→ **PROBLEM DESCRIPTION**
Extract the lines from the first one in the records below through the line containing "Once all the", keeping both ends and leaving out any pictures.

Stored dataset items:

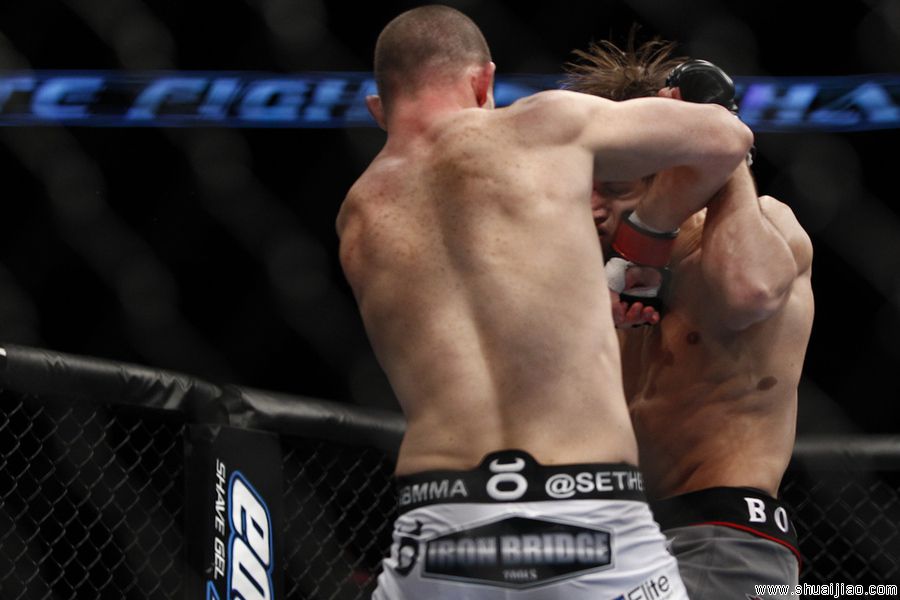 第二回合:虽然依然以站立战为主,但是贝纳维德兹开始尝试进行TD,可惜几次均未成功,两人在场面上不分上下。
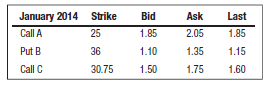 January 2014 Strike Bid Ask Last Call A 25 1.85 2.05 1.85 Put B 36 1.10 1.35 1.15 Call C 30.75 1.50 1.75 1.60
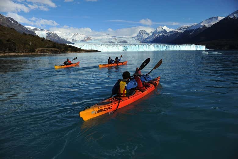 Também há a opção com transfer e almoço incluídos. Nessa alternativa, buscamos você no hotel em El Calafate cerca de 1h30 antes do início do tour. Com o retorno incluso, o tour de caiaque pelo glaciar Perito Moreno dura aproximadamente 7 horas.
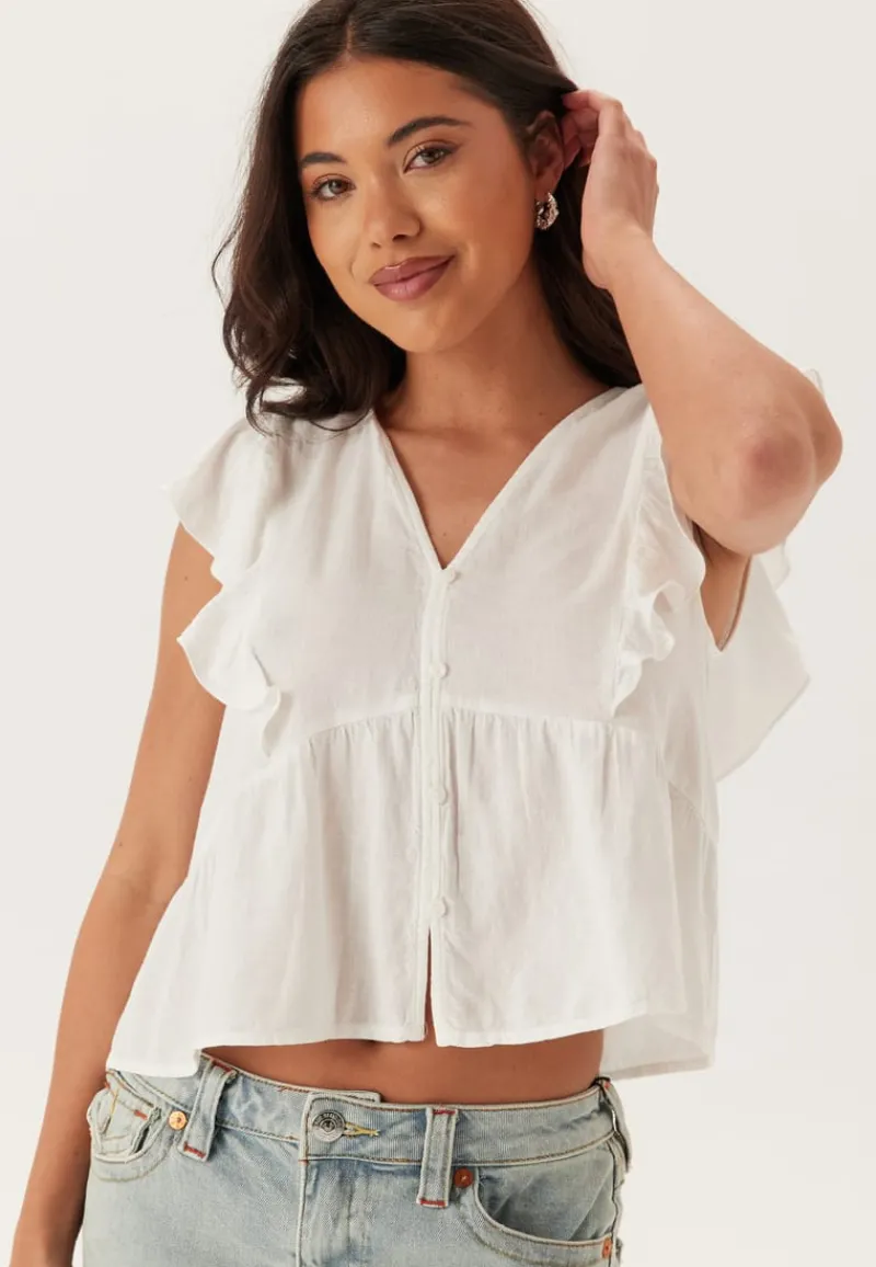 – V-hals med falsk knepping foran.
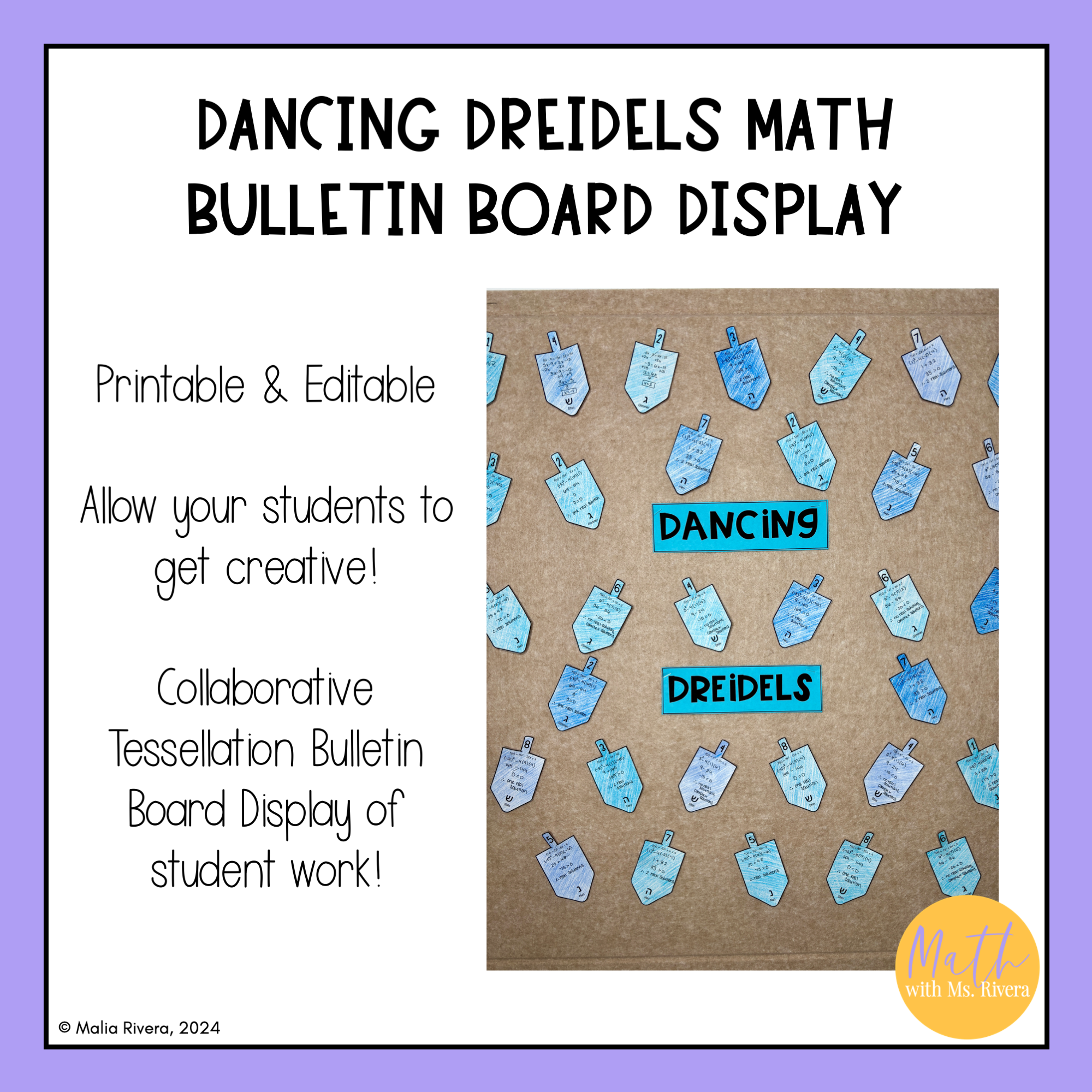 Once all the student pieces are finished, it will create one large, festive Hanukkah dreidel bulletin board display. This is a great way to engage your students and decorate your classroom!
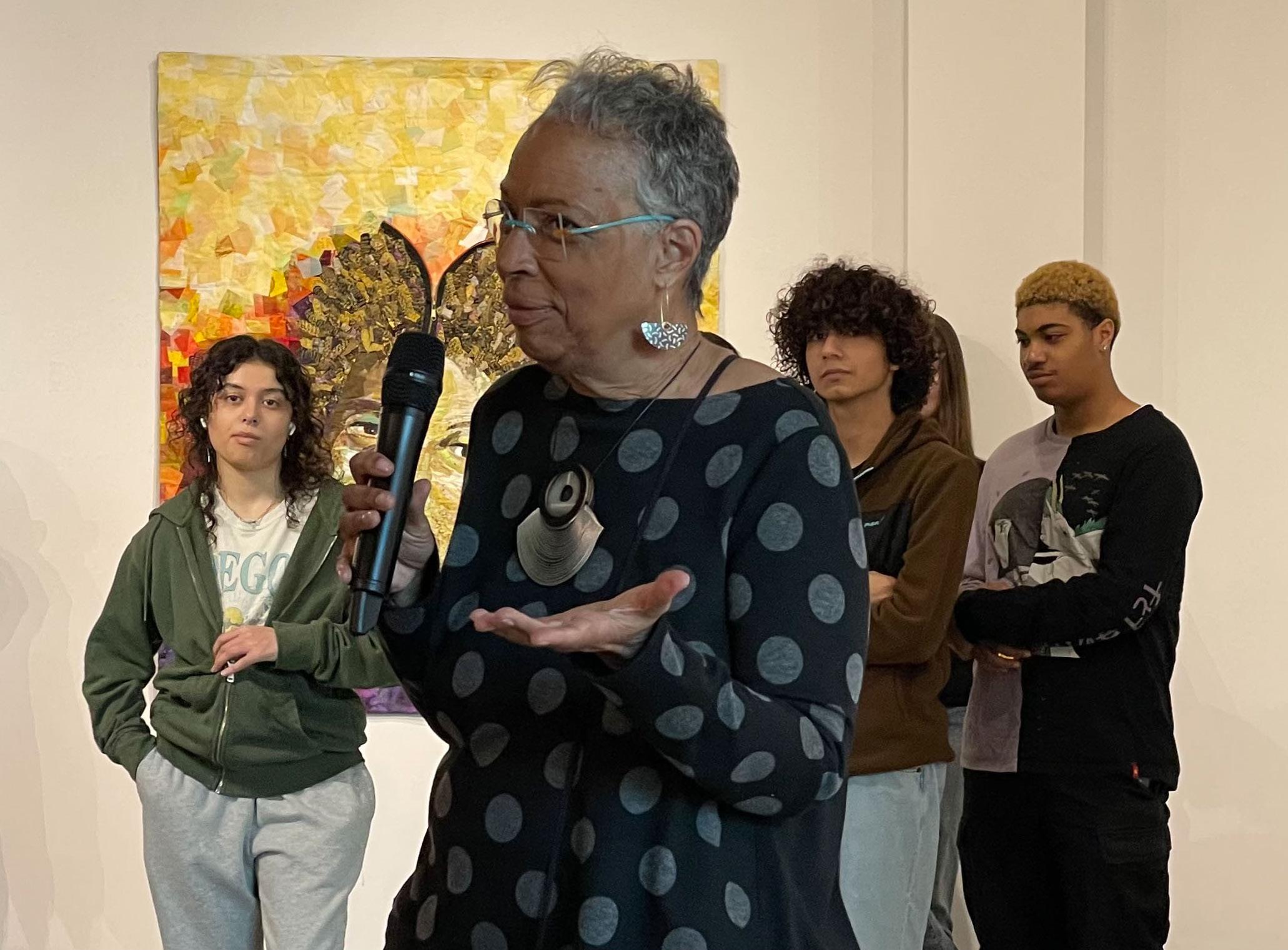Aliyah Ramirez Experience Patience Isch and Bomani Howard viewing Beasley’s quilt art, “Blue Burqas.”
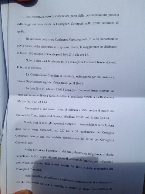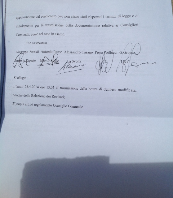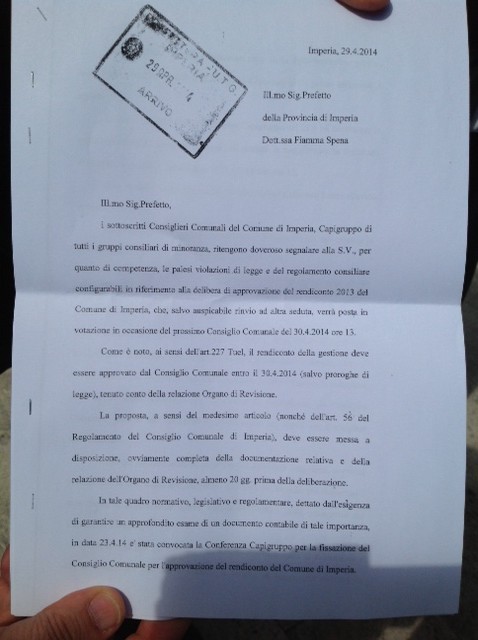 Imperia – Colpo di scena, questo pomeriggio, all’inizio della commissione bilancio del Comune di Imperia in cui è stata discussa, in vista del consiglio comunale di domani, la pratica relativa al rendiconto finanziario del 2013. La minoranza consiliare ha posto una questione preliminare informando i presenti di essersi recata, questa mattina, in Prefettura per denunciare la mancata osservanza del regolamento sulle tempistiche di invio delle pratiche ai consiglieri comunali.
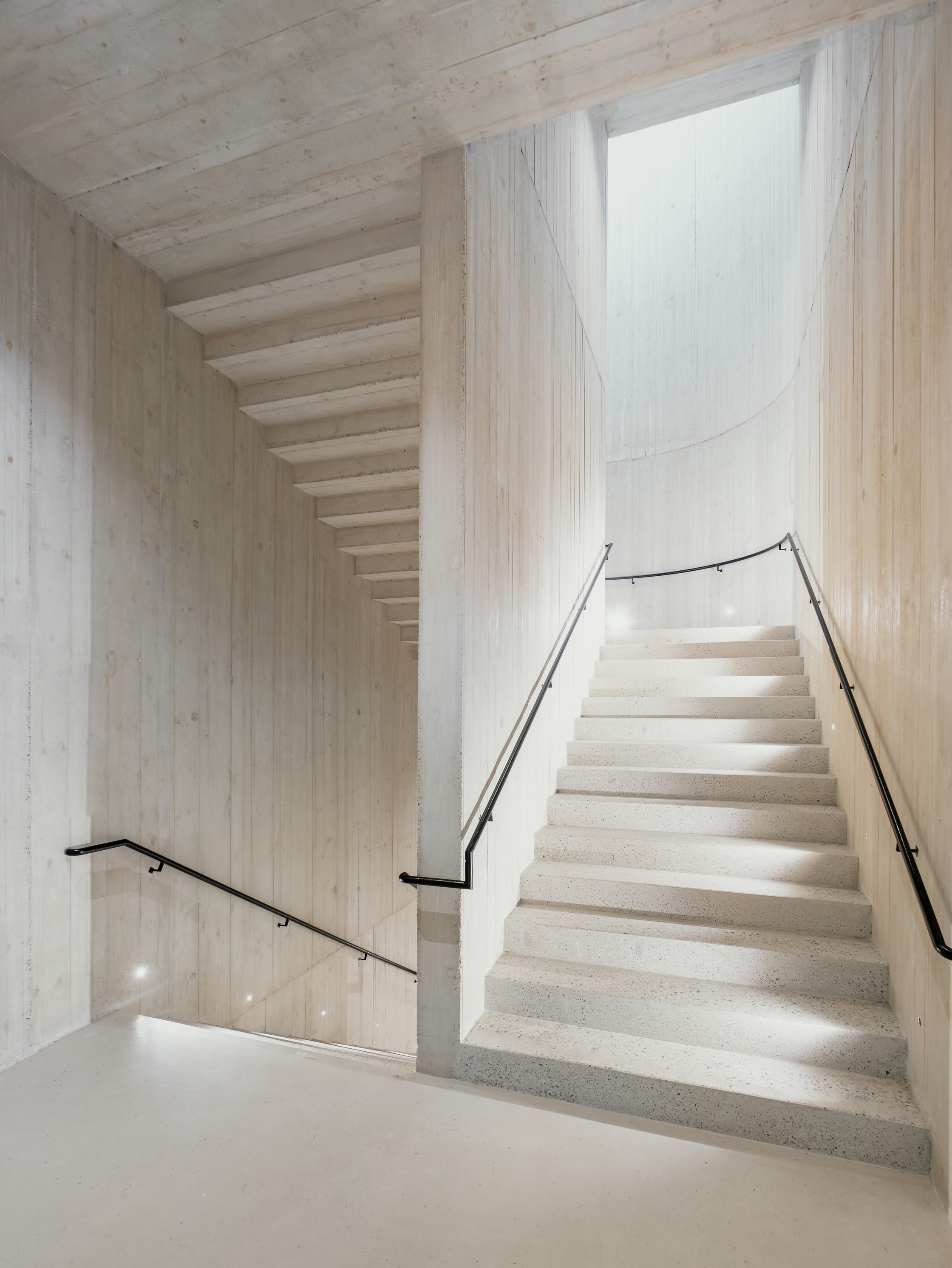 Doch die „energetische Präsenz ist vor allem den zwei neuen Geschoßen zu verdanken, die das Museum endlich zu angemessenem Selbstbewusstsein im Stadtraum verhelfen. Die Fassade der ganz oben thronenden Halle für Wechselausstellungen, verkleidet in Sichtbeton mit unregelmäßig geriffelten vertikalen Graten der Bretterschalung, verbindet rurale Handwerklichkeit mit urbaner Industrie. Im offiziellen Wording ein „Schwebegeschoß“, weil im Wettbewerb eine Aufstockung nicht gewünscht war. Zwar können tausend Tonnen Stahl nicht schweben, doch die Entscheidung, dem Altbau keinen Zweitbau aufzusetzen, sondern einen oberen Abschluss zu geben, war richtig.

→ **RESPONSE TO THIS TASK**
 第二回合:虽然依然以站立战为主,但是贝纳维德兹开始尝试进行TD,可惜几次均未成功,两人在场面上不分上下。
 January 2014 Strike Bid Ask Last Call A 25 1.85 2.05 1.85 Put B 36 1.10 1.35 1.15 Call C 30.75 1.50 1.75 1.60
 Também há a opção com transfer e almoço incluídos. Nessa alternativa, buscamos você no hotel em El Calafate cerca de 1h30 antes do início do tour. Com o retorno incluso, o tour de caiaque pelo glaciar Perito Moreno dura aproximadamente 7 horas.
 – V-hals med falsk knepping foran.
 Once all the student pieces are finished, it will create one large, festive Hanukkah dreidel bulletin board display. This is a great way to engage your students and decorate your classroom!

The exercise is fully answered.